Search code examples
hadoophiveelastic-map-reduce

Hive - map not sending parameters to custom map script?


I'm trying to use the map clause with Hive but I'm tripping over syntax and not finding many examples of my use case around. I used the map clause before when I had to process one of the columns of a table using an external script.

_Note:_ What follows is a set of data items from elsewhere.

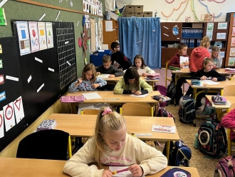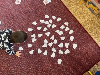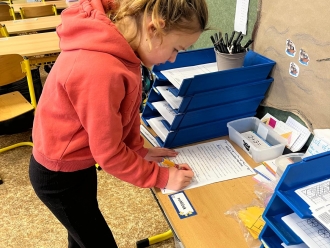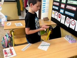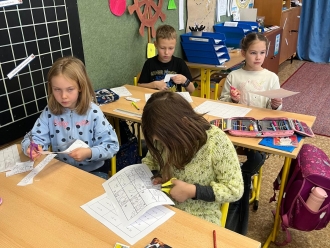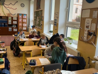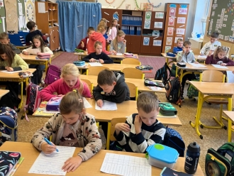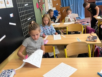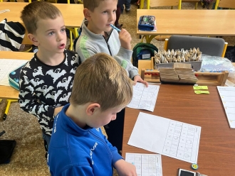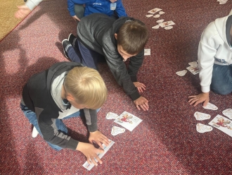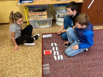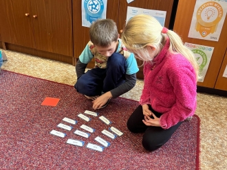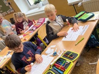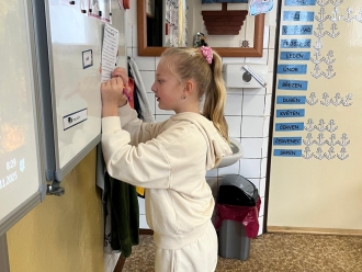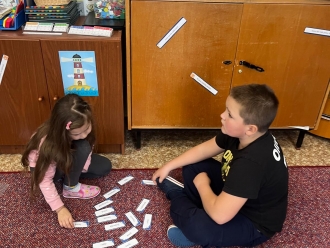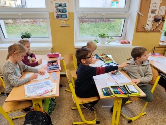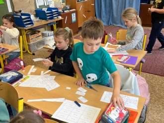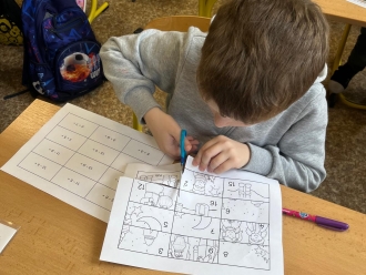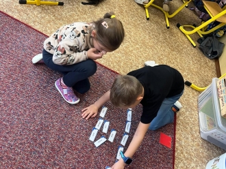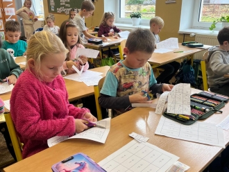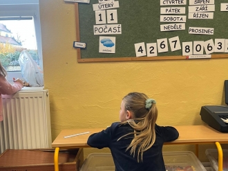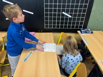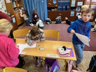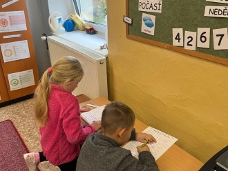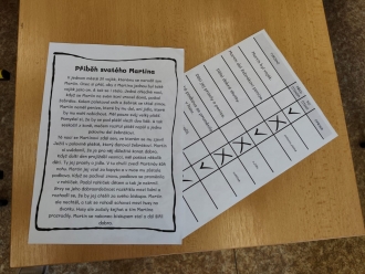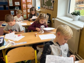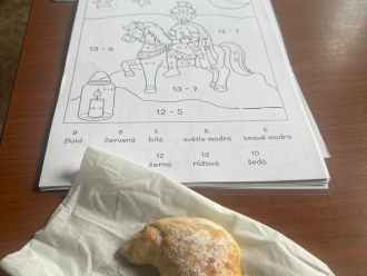 Dnes jsme prožili celý den se sv. Martinem. Děti se seznámily s jeho příběhem. Doplňovaly do textu chybějící slova, která nacházely po třídě. Řadily slova podle abecedy. Zahrály si Loto hru, přiřazovaly husy k Martinovi a doplňovaly výsledky při běhacím počítání. Na závěr nemohl chybět ani svatomartinský rohlíček. Děkujeme Martine, že Tě máme ve třídě.
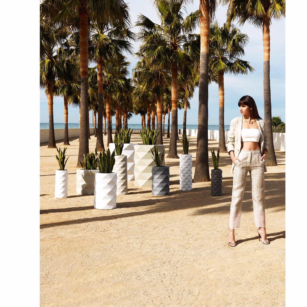 Originato dall'ispirazione del taglio del diamante. Il suo design poligonale richiama sfaccettature create attraverso il taglio. Le forme chiare ed eleganti creano un'enorme visuale d'impatto. In polietilene per uso interno/esterno in finitura laccata. 100% riciclabile. ORDINE MINIMO URO 1000,00+Iva, altrimenti contributo trasporto uro 75,00+Iva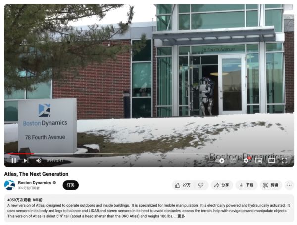 目前,这条视频的Youtube播放量已经积累到了4059万。2017年,Atlas再接再厉,用一个精彩的后空翻再度把波士顿动力送上全球热搜。

I had a python script called, say, run, that took one command line parameter and spit out three space separated values. So I just did:

FROM(MAP
        tablename.columnName
     USING
        'run' AS
        result1, result2, result3
     FROM
        tablename
    ) map_output
    INSERT OVERWRITE TABLE results SELECT *;

Now I have a python script that receives a lot more parameters and tried a few things that didn't worked and couldn't find examples on this. I did the obvious thing:

FROM
    (MAP
        numAgents, alpha, beta, burnin, nsteps, thin
     USING
        'runAuthorityMCMC' AS numAgents, alpha, beta, energy, avgDegree, maxDegree, accept
     FROM
        parameters
    ) map_output
INSERT OVERWRITE TABLE results SELECT *;

But I got an error A user-supplied transfrom script has exited with error code 2 instead of 0. When I run runAuthorityMCMC, with 6 command line parameters sampled from that table, it works perfectly well.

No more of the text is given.